Material for the task:
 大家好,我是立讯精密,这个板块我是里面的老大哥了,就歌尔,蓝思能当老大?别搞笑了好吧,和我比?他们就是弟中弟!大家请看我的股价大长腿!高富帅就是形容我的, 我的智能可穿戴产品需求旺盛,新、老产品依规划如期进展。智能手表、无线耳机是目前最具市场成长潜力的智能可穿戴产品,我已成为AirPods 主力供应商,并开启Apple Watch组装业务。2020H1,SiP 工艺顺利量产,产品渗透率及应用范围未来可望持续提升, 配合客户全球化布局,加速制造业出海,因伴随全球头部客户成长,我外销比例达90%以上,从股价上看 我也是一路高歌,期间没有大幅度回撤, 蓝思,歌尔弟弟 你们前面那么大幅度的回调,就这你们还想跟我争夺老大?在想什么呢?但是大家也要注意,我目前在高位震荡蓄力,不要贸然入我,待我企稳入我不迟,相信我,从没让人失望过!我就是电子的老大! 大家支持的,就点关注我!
---
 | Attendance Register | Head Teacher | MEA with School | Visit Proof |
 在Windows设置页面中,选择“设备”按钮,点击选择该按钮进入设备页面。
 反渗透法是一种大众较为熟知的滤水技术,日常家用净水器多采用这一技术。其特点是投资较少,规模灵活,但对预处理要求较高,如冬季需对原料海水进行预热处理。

Activity: Quote the listing above, but only from the line that shows "Visit Proof |" through the line that shows "反渗透法是一种大众较为熟知的".

Response to this task:
 | Attendance Register | Head Teacher | MEA with School | Visit Proof |
 在Windows设置页面中,选择“设备”按钮,点击选择该按钮进入设备页面。
 反渗透法是一种大众较为熟知的滤水技术,日常家用净水器多采用这一技术。其特点是投资较少,规模灵活,但对预处理要求较高,如冬季需对原料海水进行预热处理。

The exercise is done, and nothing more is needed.